Give the listing again exactly, skipping any pictures it holds.

## Source data
▼▼▼

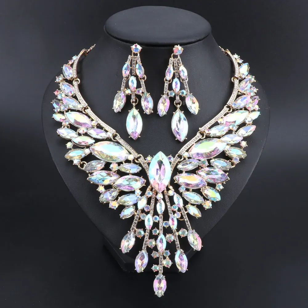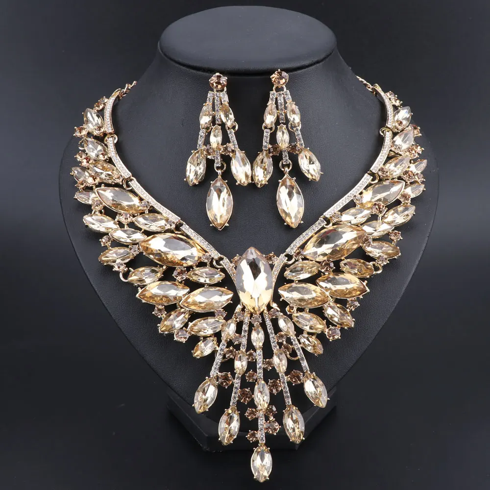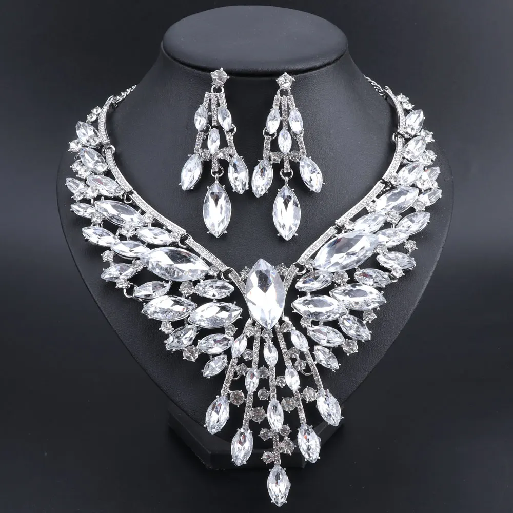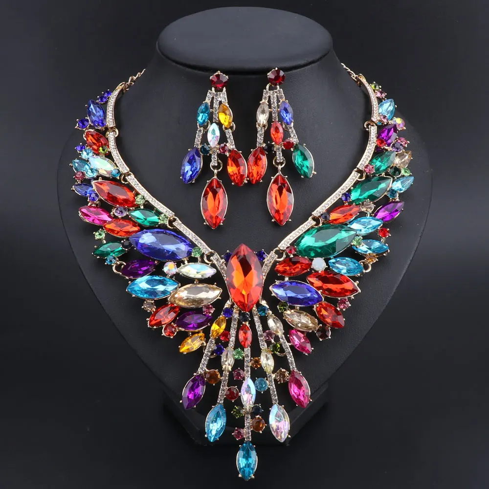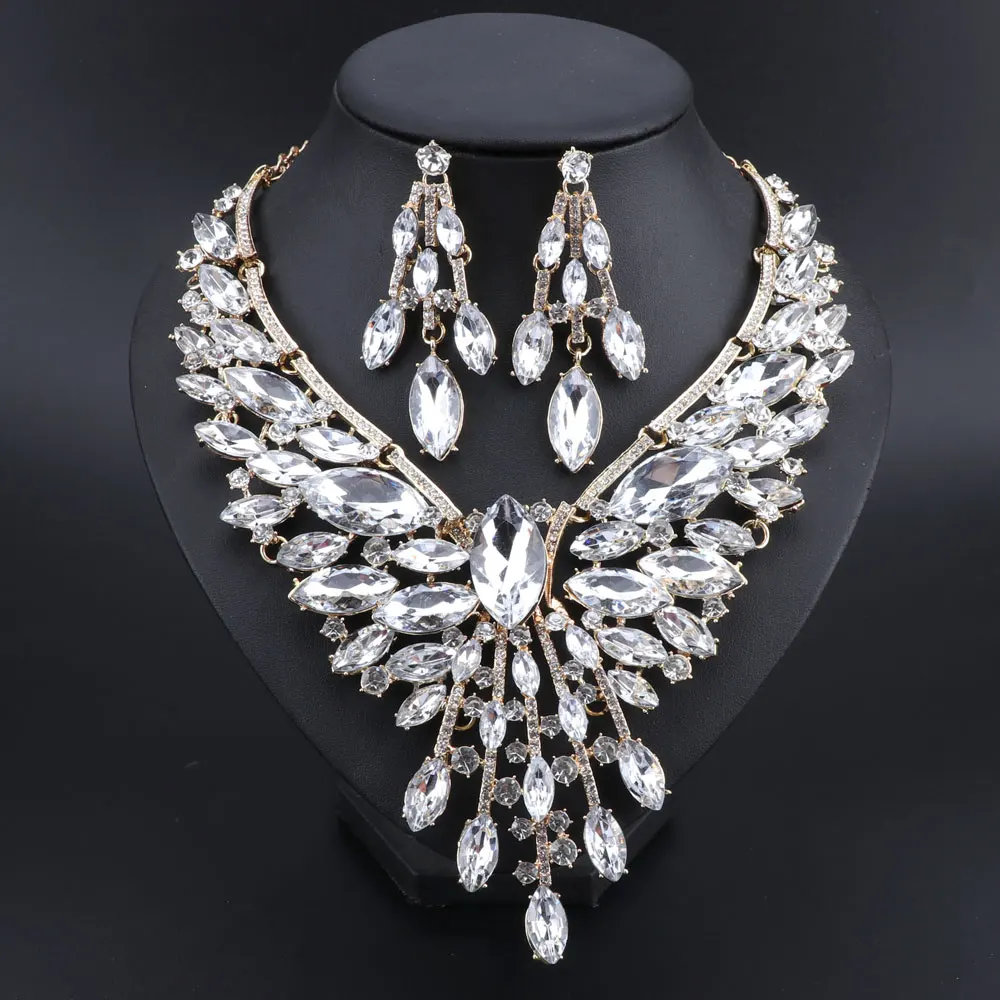 Crystal Bridal Jewelry Sets Wedding Party Costume Accessory Indian Necklace Earrings Set for Bride GorgeousJewellery Sets Women
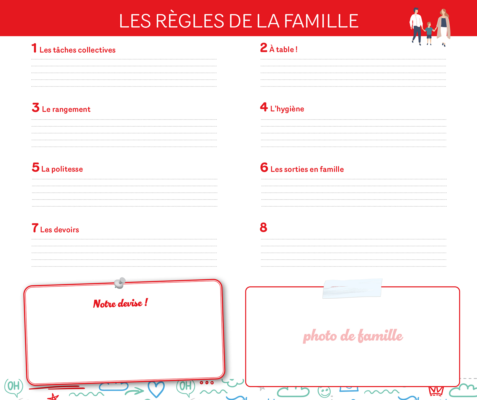 – Des fiches pratiques pour gérer le quotidien (numéros utiles, tableau de mission, to-do list des vacances, règles de la famille…)
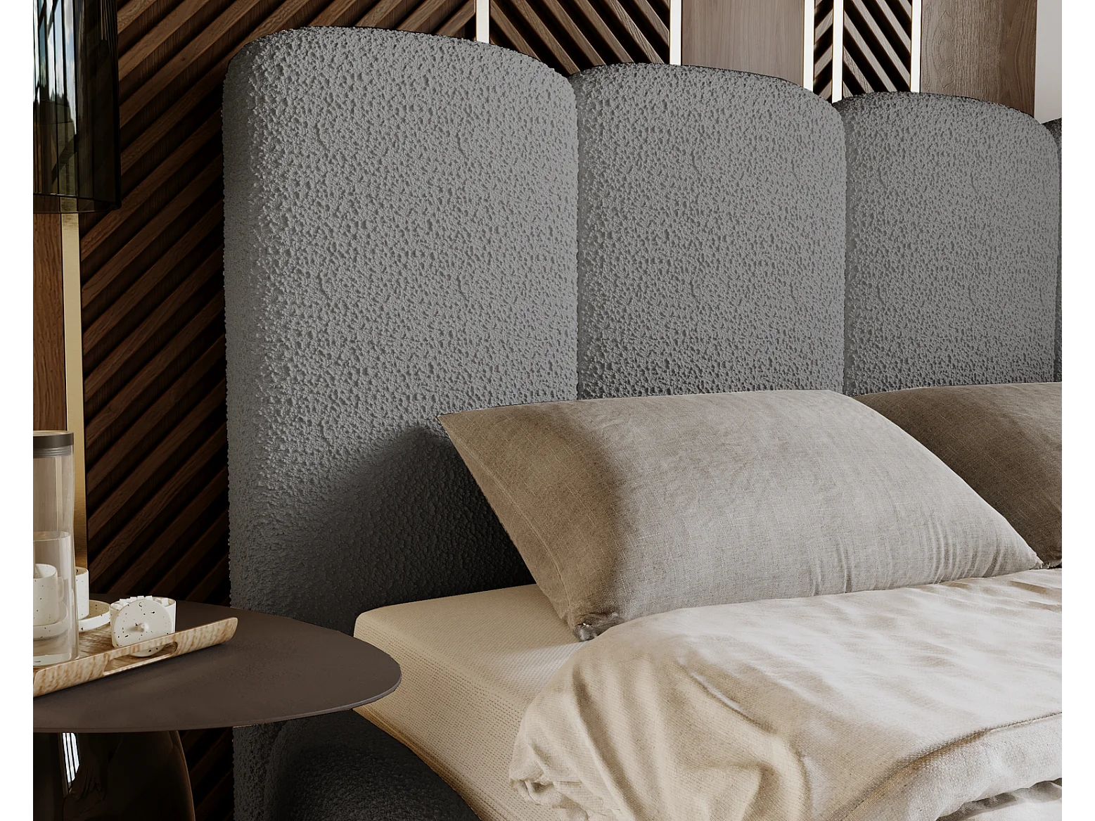 Emporius gestoffeerd bed 180x200 cm Merkad Bouclé - bed met lattenbodem en bedlade, Bouclé - Grijs (Anthology 17)
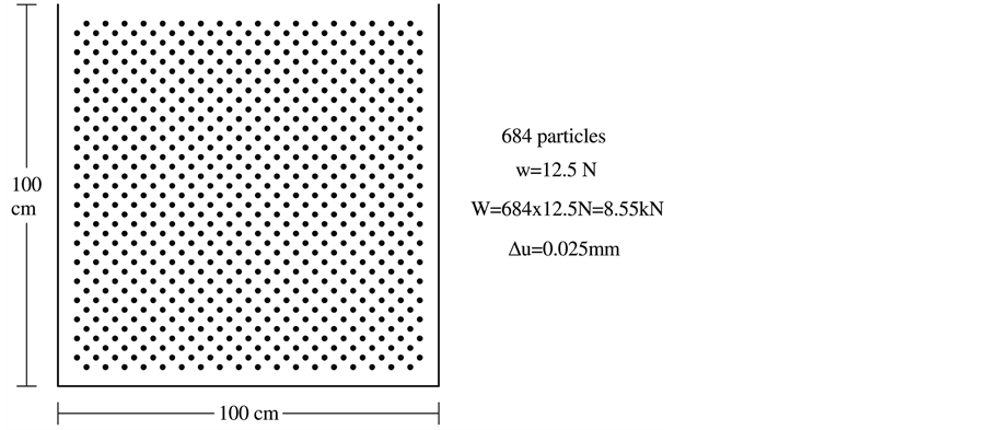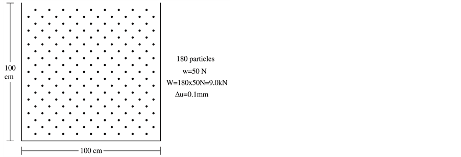 arranged, in such a way, so that to form elementary rhombs, which have an in-compressibility property, as described in previous Section 5. There are 10 rows of 9 particles, alternated with 9 rows of 10 particles, that is totally 2 × 9 × 10 = 180 particles. The weight of every particle is

▲▲▲

## Result of the task
 Crystal Bridal Jewelry Sets Wedding Party Costume Accessory Indian Necklace Earrings Set for Bride GorgeousJewellery Sets Women
 – Des fiches pratiques pour gérer le quotidien (numéros utiles, tableau de mission, to-do list des vacances, règles de la famille…)
 Emporius gestoffeerd bed 180x200 cm Merkad Bouclé - bed met lattenbodem en bedlade, Bouclé - Grijs (Anthology 17)
 arranged, in such a way, so that to form elementary rhombs, which have an in-compressibility property, as described in previous Section 5. There are 10 rows of 9 particles, alternated with 9 rows of 10 particles, that is totally 2 × 9 × 10 = 180 particles. The weight of every particle is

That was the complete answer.